Dois homens, de 24 e 28 anos, foram presos em flagrante pela Polícia Civil de Minas Gerais (PCMG) suspeitos de participarem de um ataque cibernético contra uma instituição bancária sediada no Pará, que causou um prejuízo de cerca de R$ 107 milhões. A ofensiva criminosa teria contado com a colaboração de um funcionário do próprio banco.
A operação foi deflagrada na quinta-feira (3/7), em Belo Horizonte, pela 3ª Delegacia Especializada em Investigação de Fraudes, vinculada ao Departamento Estadual de Combate à Corrupção e a Fraudes (Deccof), com apoio do Laboratório de Inteligência Cibernética (Ciberlab) e da Força Integrada de Combate ao Crime Organizado (Ficco/MG).
Durante a ação, foram apreendidos R$ 1.564 em dinheiro, dois aparelhos celulares e um carro utilizado pelos investigados. Além disso, cerca de R$ 2 milhões em contas bancárias foram bloqueados pela Justiça. Os valores permanecerão à disposição para ressarcir os danos causados à instituição financeira.

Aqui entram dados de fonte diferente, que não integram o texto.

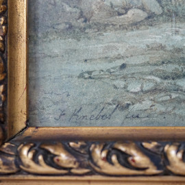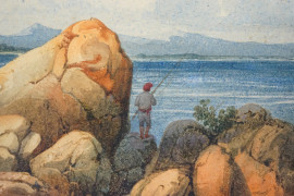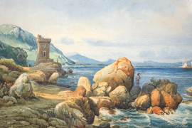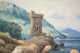 Veduta costiera con torre e pescatori, acquerello su carta, firmato "F. Knebel fece", cm 21x31, entro cornice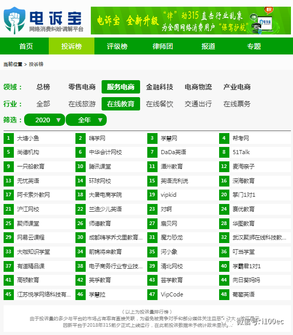 2020年至今,“电诉宝”受理投诉中涉及的在线教育平台有大塘小鱼、嗨学网、学慧网、帮考网、尚德机构、中华会计网校、DaDa英语、51Talk无忧英语、一只船教育、腾讯课堂、潭州教育、麦淘亲子、环球网校、英语流利说、深海教育、阿卡索、大暑电商学院、VIPKID、掌门1对1、沪江网校、兰迪少儿英语、对啊网、赛优教育、聚师课堂、师德教育、扇贝王、华图教育、网易云课程、魔力恐龙、大咖知识学堂、河小象、叮当学堂、清北网校、学霸君1对1、高顿教育、英孚教育、芸学教育、向日葵妈妈、VIPcode、葡萄英语。此前,日本村外教网、跟谁学、赞题库、小鹅通、斑马英语、51CTO学院、勤学网、叽里呱啦、建设工程教育网、家教平台、同桌100学习网、曼且思教育、起陆教育、德闲教育、过呗教育、一步教育也曾接到消费者的投诉。

Até agora, aproximadamente R$ 63 milhões já foram recuperados.
Ataque cibernético e falsificação de documentos
Conforme as investigações, entre os dias 30 de junho e 1º de julho, o grupo criminoso desviou valores de contas bancárias utilizando-se de um ataque cibernético articulado com a ajuda interna de um funcionário do banco. Parte do dinheiro teria sido direcionada para contas empresariais localizadas em Belo Horizonte.
A Polícia Civil também apurou que os envolvidos estavam falsificando documentos públicos com o intuito de conferir aparência legal aos depósitos. Os dois suspeitos foram abordados pelos policiais ao deixarem uma agência bancária no bairro Boa Viagem, região Centro-Sul da capital mineira.
Crimes e penas previstas
Os investigados responderão por diversos crimes, entre eles furto mediante fraude eletrônica, lavagem de dinheiro, falsificação de documentos públicos, uso de documentos falsos e participação em organização criminosa. As infrações estão previstas no Código Penal, na Lei nº 12.850/13 (organizações criminosas) e na Lei nº 9.613/98 (lavagem de dinheiro). As penas podem ultrapassar dez anos de reclusão, além de multa.
Ambos foram encaminhados ao sistema prisional e a PCMG representou pela conversão das prisões em preventivas. As investigações continuam para identificar outros envolvidos, incluindo o funcionário do banco e possíveis cúmplices em outras instituições financeiras.